How can inhibiting pyrimidine biosynthesis help fight Ebola?

Scientists found that inhibiting pyrimidine biosynthesis can stop Ebola virus from replicating. They used compounds such as SW835 and brequinar, which target the DHODH enzyme, a key component in the pyrimidine biosynthesis pathway. This inhibition reduced viral replication in the lab and stimulated the body's defenses by triggering the expression of interferon-stimulated genes (ISGs).

Why is inhibiting pyrimidine biosynthesis a significant approach against Ebola?
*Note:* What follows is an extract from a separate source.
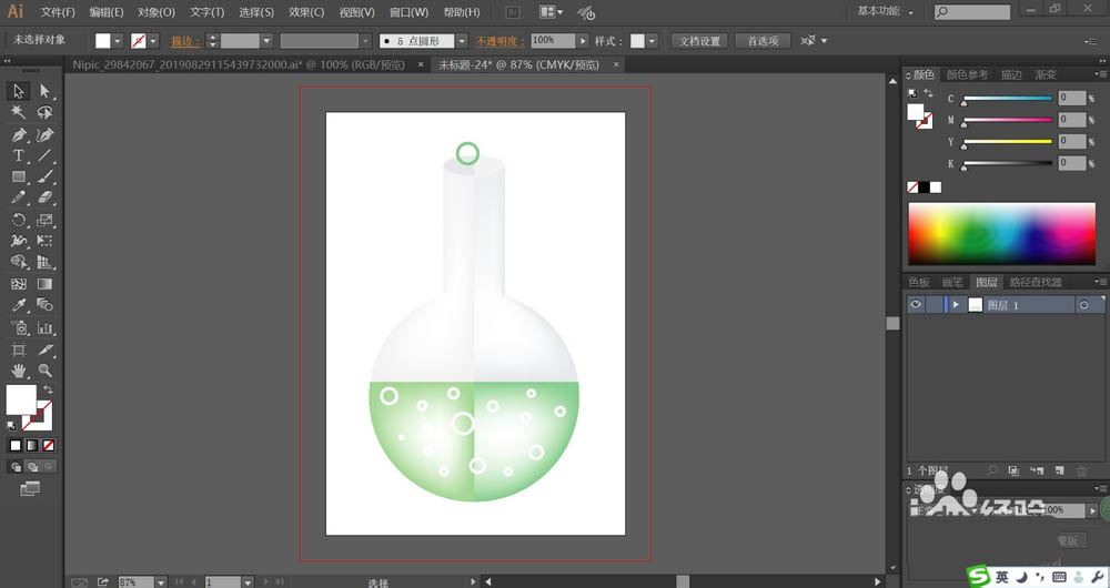 6、用两种明度的灰白色与绿灰色填充烧瓶的瓶身与液体的路径,再分别用两种色彩填充瓶内液体当中的气泡与液体之外的气泡。

The significance of inhibiting pyrimidine biosynthesis lies in its potential to provide a dual action against Ebola. By simultaneously hindering viral replication and boosting the body's immune responses, the approach offers an advantage over traditional treatments that might only target one aspect. This dual action is particularly important because Ebola has mechanisms to suppress the immune system.

What specific process or mechanism did the researchers target to combat Ebola, and how did they do it?

The research targeted the enzyme dihydroorotate dehydrogenase (DHODH), which is vital in pyrimidine biosynthesis. The scientists used SW835 and brequinar, which are DHODH inhibitors. By using these compounds, they successfully disrupted the viral replication process and activated the body's innate immune responses, offering a potential new approach to fighting the virus.

What additional benefit was observed when pyrimidine biosynthesis was inhibited in the context of Ebola?

The research uncovered that in addition to inhibiting the viral replication, the compounds also trigger the expression of interferon-stimulated genes (ISGs). Furthermore, ATM and IRF1, are crucial for DNA's well being against these inhibitions. ISGs are key in fighting off viral infections. This dual action of impairing viral replication and activating immune responses signifies a major step forward in developing new antiviral therapies against Ebola, and potentially other viral diseases.